* **Entries taken from a collection**:
<<<<
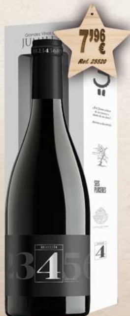
MAGNUM 1,5 L. Vino SELECCION 4 Roble D.O. Jumilla
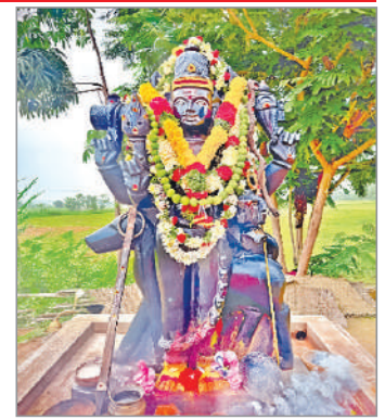
ఏర్పాట్లు చేశామని, అనుభవసాధ వితరణ ఉంటుందని పేర్కొన్నారు.

న్వత కాయంతో మూడు నేత్రాలతో త్రిశూలం, గద, డమరుకుం వంటి వాటిని ధరించిన ఆ భయంకర రూపమే కాలభైరవుడు. అయితే తన జననానికి కారణం చెప్పమని శివుడిని కోరగా.. బ్రహ్మదేవుడి అయిదో శిరస్సు ఖండించమని చెప్పాడట. అజ్ఞమేరకు శిరస్సు ఖండించగా బ్రహ్మదేవుడి గర్వం తగ్గిపోతుందట. కాశీలో ముందుగా కాలభైరవుడిని దర్శించే ఆచారంతోపాటు కాశీ సంతర్పణం కంటే ముందుగా కాలభైరవ సంతర్పణే చేయడం ఆ స్వామి వారి మహత్యమని.. ఆలయ అర్చకుడు వివరించారు. జయంతికి హాజరయ్యే భక్తులకు ఎలాంటి సమస్యలు తలెత్తకుండా
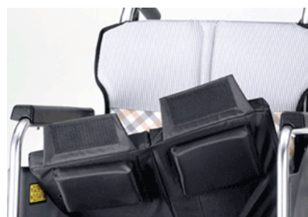
前ズレ防止パット付クッション
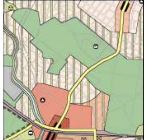
FNP Berlin (Stand Juni 1999) 1:50.000
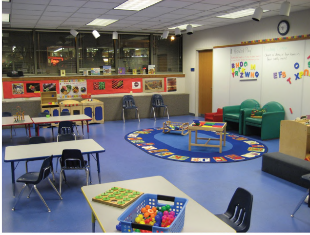
(Resim 3): Okulöncesi çocuklar keşif merkezi

Referans masası, çocuk bölümünün çok merkezi bir yerine yerleştirilmiştir. Bölüme giren herkesin görebileceği çok kritik bir noktada yer alan bu masada bulunan görevliler her an okuyucuya yardım etmektedirler. Böylece okuyucular kendilerini daha rahat hissetmektedirler.
>>>>
* **Exercise goal**: Please print the records above once more, word for word, omitting all pictures.

* **Result of the task**:
MAGNUM 1,5 L. Vino SELECCION 4 Roble D.O. Jumilla
ఏర్పాట్లు చేశామని, అనుభవసాధ వితరణ ఉంటుందని పేర్కొన్నారు.

న్వత కాయంతో మూడు నేత్రాలతో త్రిశూలం, గద, డమరుకుం వంటి వాటిని ధరించిన ఆ భయంకర రూపమే కాలభైరవుడు. అయితే తన జననానికి కారణం చెప్పమని శివుడిని కోరగా.. బ్రహ్మదేవుడి అయిదో శిరస్సు ఖండించమని చెప్పాడట. అజ్ఞమేరకు శిరస్సు ఖండించగా బ్రహ్మదేవుడి గర్వం తగ్గిపోతుందట. కాశీలో ముందుగా కాలభైరవుడిని దర్శించే ఆచారంతోపాటు కాశీ సంతర్పణం కంటే ముందుగా కాలభైరవ సంతర్పణే చేయడం ఆ స్వామి వారి మహత్యమని.. ఆలయ అర్చకుడు వివరించారు. జయంతికి హాజరయ్యే భక్తులకు ఎలాంటి సమస్యలు తలెత్తకుండా
前ズレ防止パット付クッション
FNP Berlin (Stand Juni 1999) 1:50.000
(Resim 3): Okulöncesi çocuklar keşif merkezi

Referans masası, çocuk bölümünün çok merkezi bir yerine yerleştirilmiştir. Bölüme giren herkesin görebileceği çok kritik bir noktada yer alan bu masada bulunan görevliler her an okuyucuya yardım etmektedirler. Böylece okuyucular kendilerini daha rahat hissetmektedirler.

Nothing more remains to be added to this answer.